- **YOUR INSTRUCTIONS**: Look through the data below for the line with "Blank Calendar For July 2025" and the line with "SALE) (Yonhap) |", then transcribe exactly from the first through the second, leaving out all pictures.

- **SUPPLIED RECORDS**:
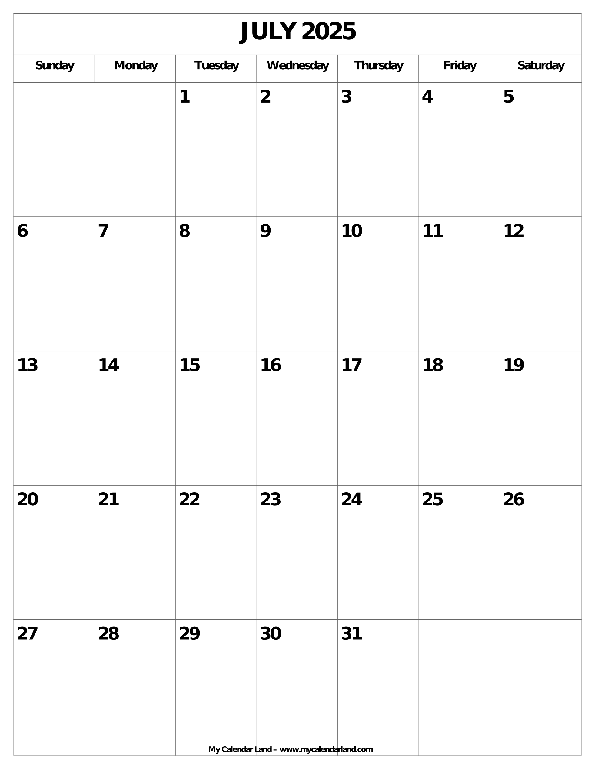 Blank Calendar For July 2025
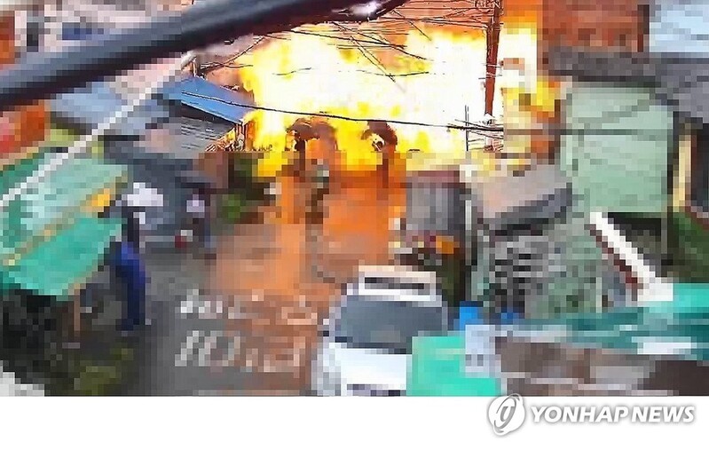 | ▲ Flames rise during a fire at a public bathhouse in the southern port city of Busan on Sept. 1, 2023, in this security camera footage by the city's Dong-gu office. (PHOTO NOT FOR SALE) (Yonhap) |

==

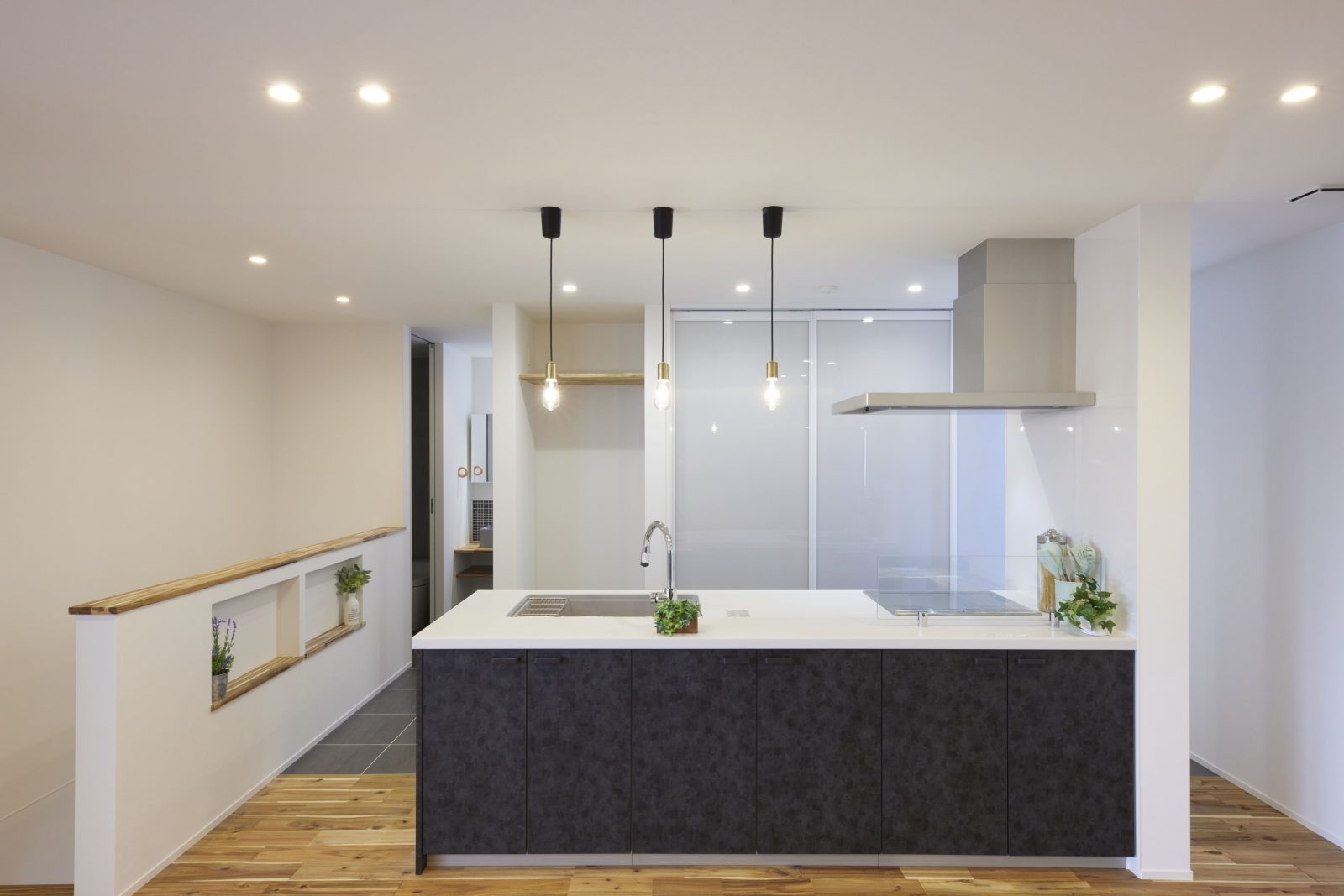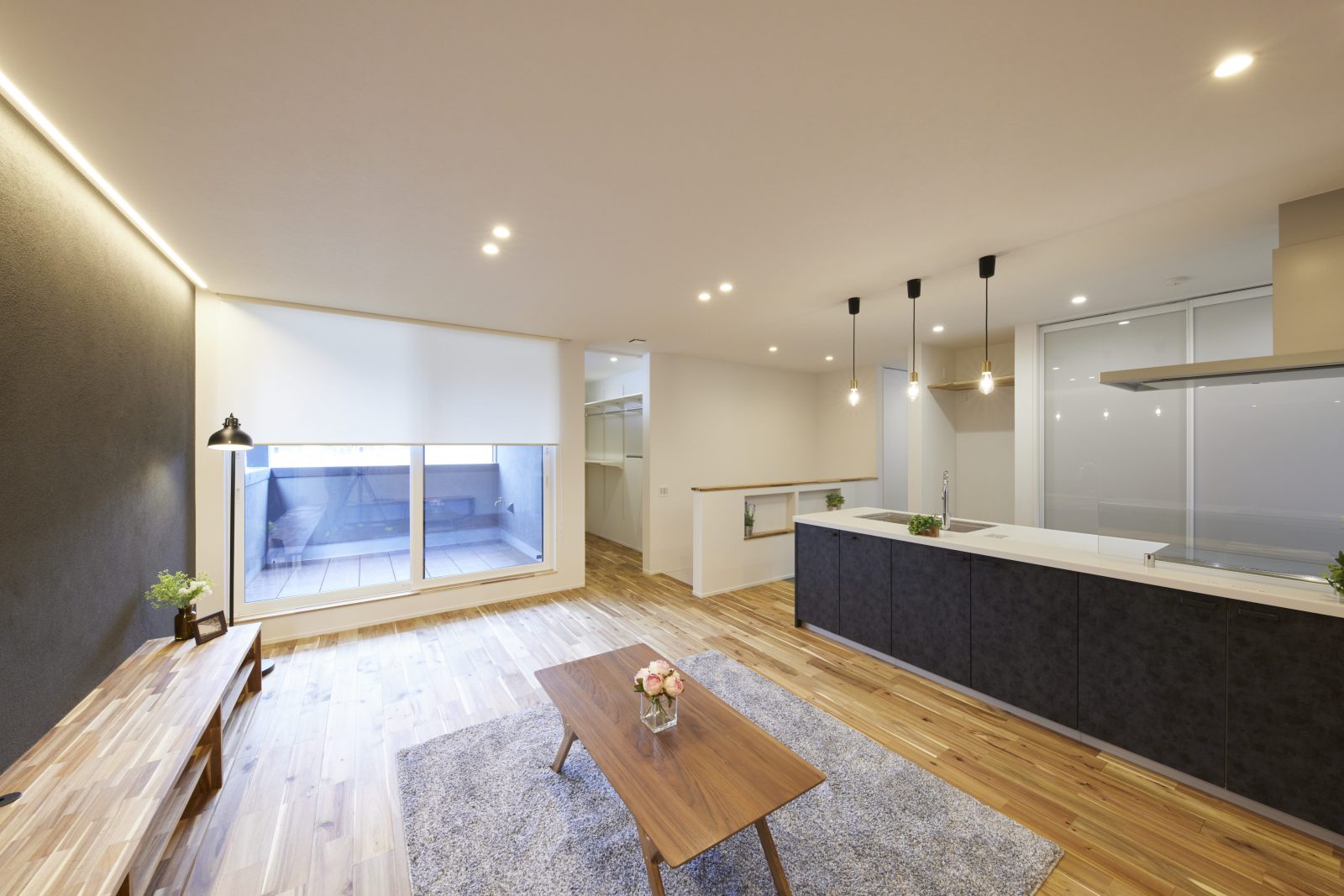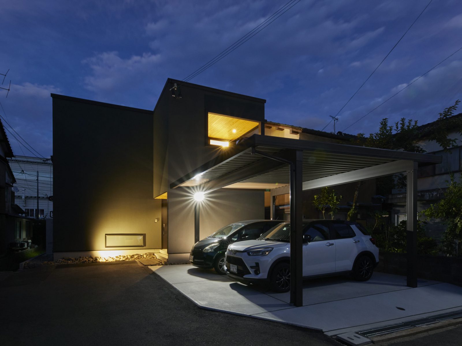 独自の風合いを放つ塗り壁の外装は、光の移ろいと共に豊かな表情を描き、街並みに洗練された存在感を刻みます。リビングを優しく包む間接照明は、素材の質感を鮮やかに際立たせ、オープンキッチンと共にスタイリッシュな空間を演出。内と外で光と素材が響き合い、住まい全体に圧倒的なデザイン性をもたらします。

- **SOLUTION FOR THIS TASK**:
 Blank Calendar For July 2025
 | ▲ Flames rise during a fire at a public bathhouse in the southern port city of Busan on Sept. 1, 2023, in this security camera footage by the city's Dong-gu office. (PHOTO NOT FOR SALE) (Yonhap) |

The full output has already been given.